_PROMPT_
As the answer, give exactly the lines of the records below from the one with "top view of" through the one with "Valentines Day Overnight", ends included and pictures left out.

____ RECORDS TO PROCESS

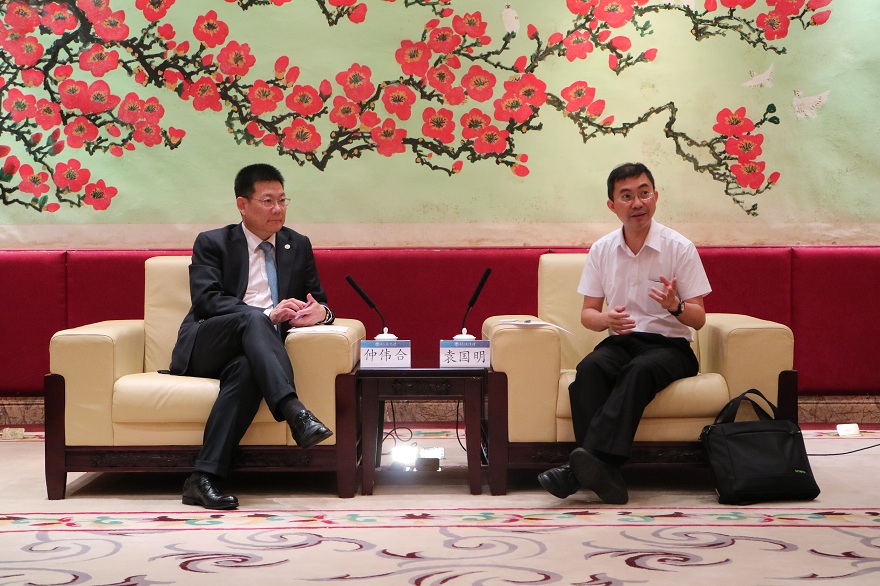 在交谈中,袁国明对我校的留学生人才培养模式和专业课程设置表示赞赏,并表达了与我校交流合作的期盼。他说,广外是一所开放性很强的大学,希望今后能够进行良好的交流与合作。
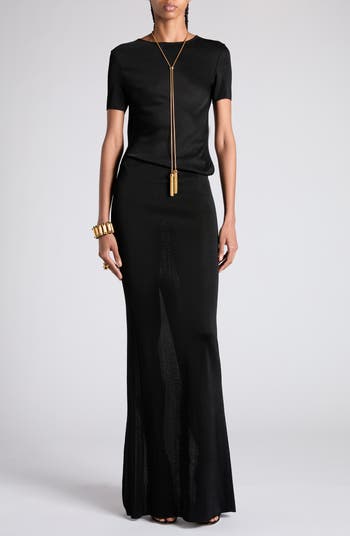 Peter Hawkings upholds Tom Ford's sultry aesthetic with the chain-secured open back and soaring slit of this slink short-sleeve dress sewn from a structured double knit.
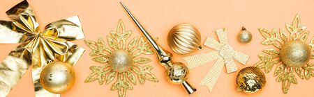 top view of festive golden christmas decoration on orange background, panoramic shot
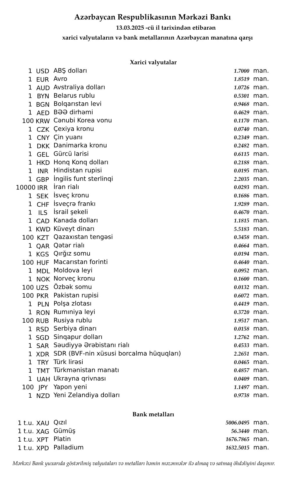 Rəsmi məzənnələr açıqlandı
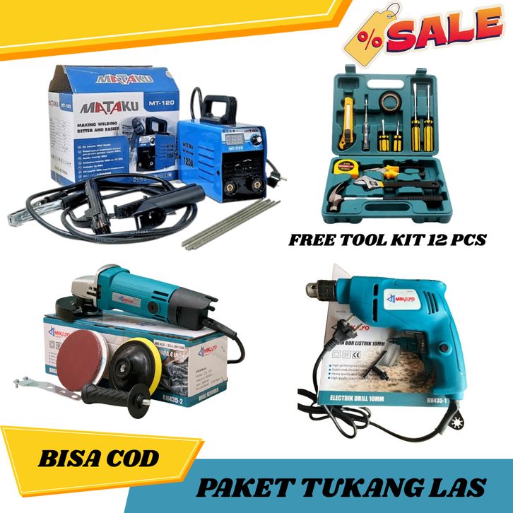PAKET Hemat 3 ITEM Mesin Las 450 Watt RYU 120a Trafo Travo Las + Mesin Gerinda 4 inch + Bor Ryu 10mm
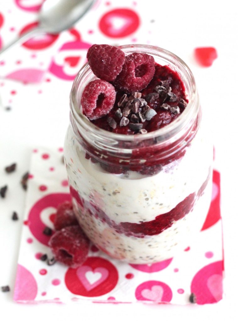 Valentines Day Overnight Oats with Raspberry Chia Jam!
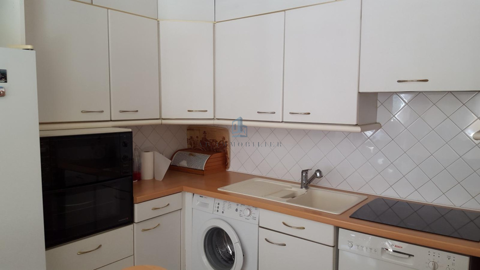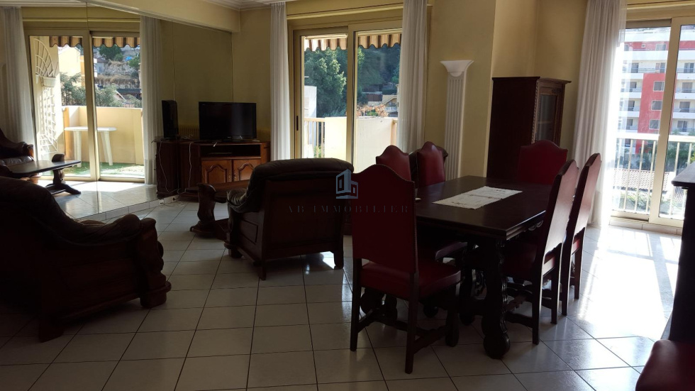 MENTON quartier piscine, 3 PIECES située dans résidence dont la façade a été ravalée récemment, de 82.60 m² (LC), traversant Est-Ouest avec vue bien dégagée, au 4e étage, comprenant : entrée, couloir avec placards, salle de douche, WC séparé, 2 chambres avec placard donnant sur balcon, séjour/salon donnant sur terrasse de 7 m², cuisine US équipée, parking et cave.
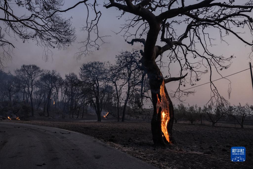 这是7月17日在希腊雅典郊外卢特拉基附近拍摄的燃烧着的树木。
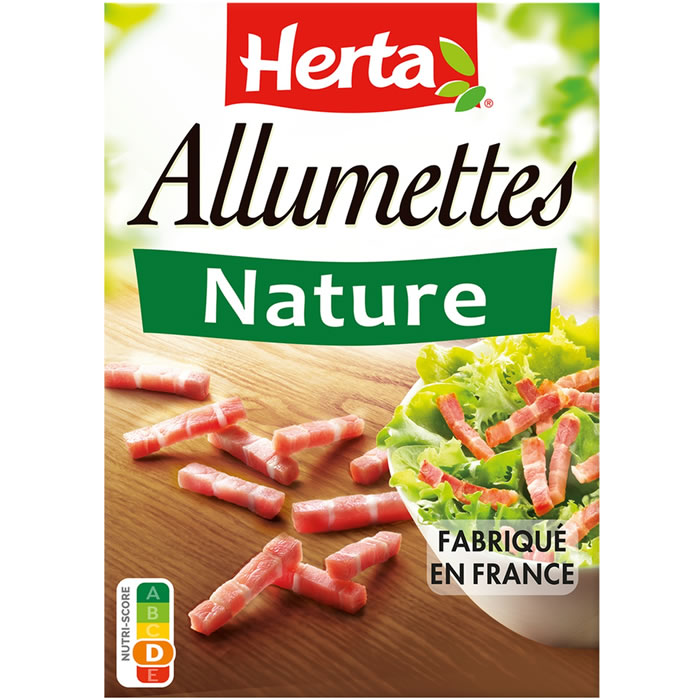 Allumettes nature HERTA, découpe fine idéale pour salades, pâtes, omelettes, farces et quiches; fabriquées en France (St Pol sur Ternoise).
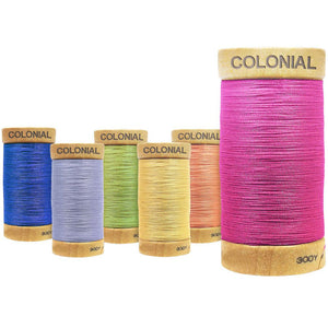 Organic thread offers the same vibrant colors and feel you expect from manufactured threads while remaining safer and healthier. Colonial's Organic 50wt Cotton Thread uses no toxic chemicals and instead relies on natural methods. These 300-yard spools are great for machine quilting or hand sewing. They offer vibrant colors with a lustrous sheen. Colonial's 100% Organic Cotton Thread is available in over 30 fun shades.
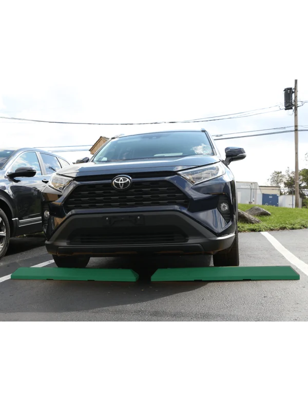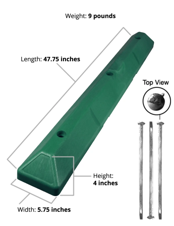 4' Green EV Recycled Plastic 'Commercial' Parking Block w/three 18" Galvanized Steel Spikes

________

_SOLUTION TO THIS PROBLEM_
 top view of festive golden christmas decoration on orange background, panoramic shot
 Rəsmi məzənnələr açıqlandı
PAKET Hemat 3 ITEM Mesin Las 450 Watt RYU 120a Trafo Travo Las + Mesin Gerinda 4 inch + Bor Ryu 10mm
 Valentines Day Overnight Oats with Raspberry Chia Jam!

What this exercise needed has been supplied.